--- RECORDED DATA ---

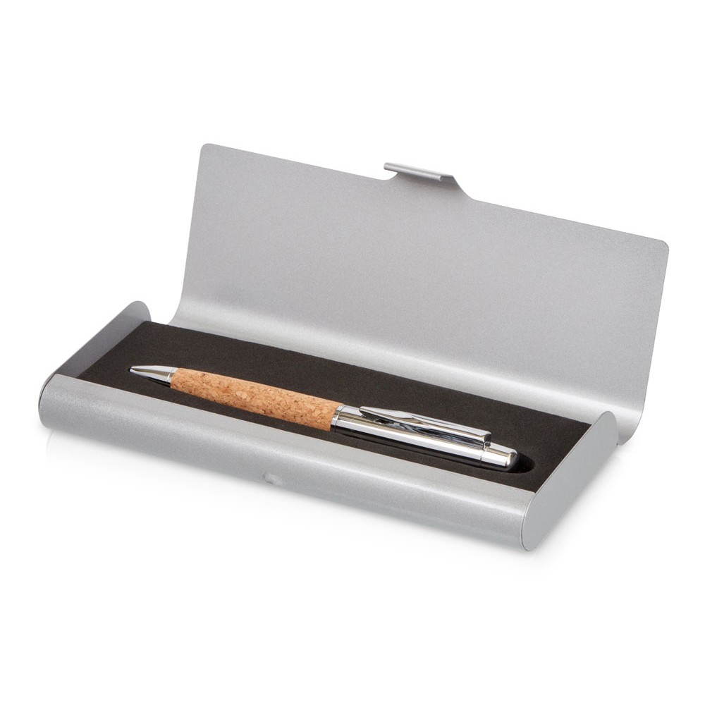 Металлическая шариковая ручка Cask с вставкой из пробки на корпусе в металлическом футляре.
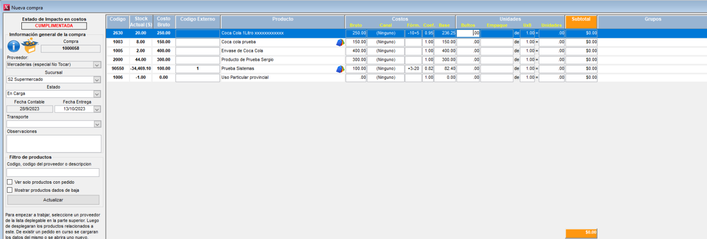 Se deben cargar los costos brutos de los productos, se debe tener en cuenta que los costos brutos NO incluyen IVA, ya que el calculo de precios incluirá el importe de IVA que corresponda según la alícuota que corresponda.
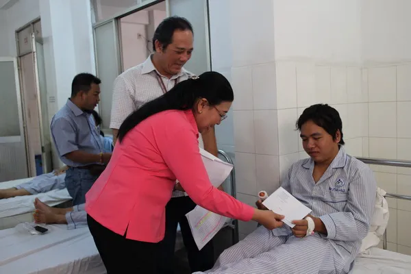 Đại diện LĐLĐTP và Công đoàn công ty Pou Yuen thăm công nhân bị tai nạn giao thông tại các bệnh viện.

---

PROBLEM TO WORK ON
Output the data above exactly, excluding images.

COMPLETED EXERCISE
 Металлическая шариковая ручка Cask с вставкой из пробки на корпусе в металлическом футляре.
 Se deben cargar los costos brutos de los productos, se debe tener en cuenta que los costos brutos NO incluyen IVA, ya que el calculo de precios incluirá el importe de IVA que corresponda según la alícuota que corresponda.
 Đại diện LĐLĐTP và Công đoàn công ty Pou Yuen thăm công nhân bị tai nạn giao thông tại các bệnh viện.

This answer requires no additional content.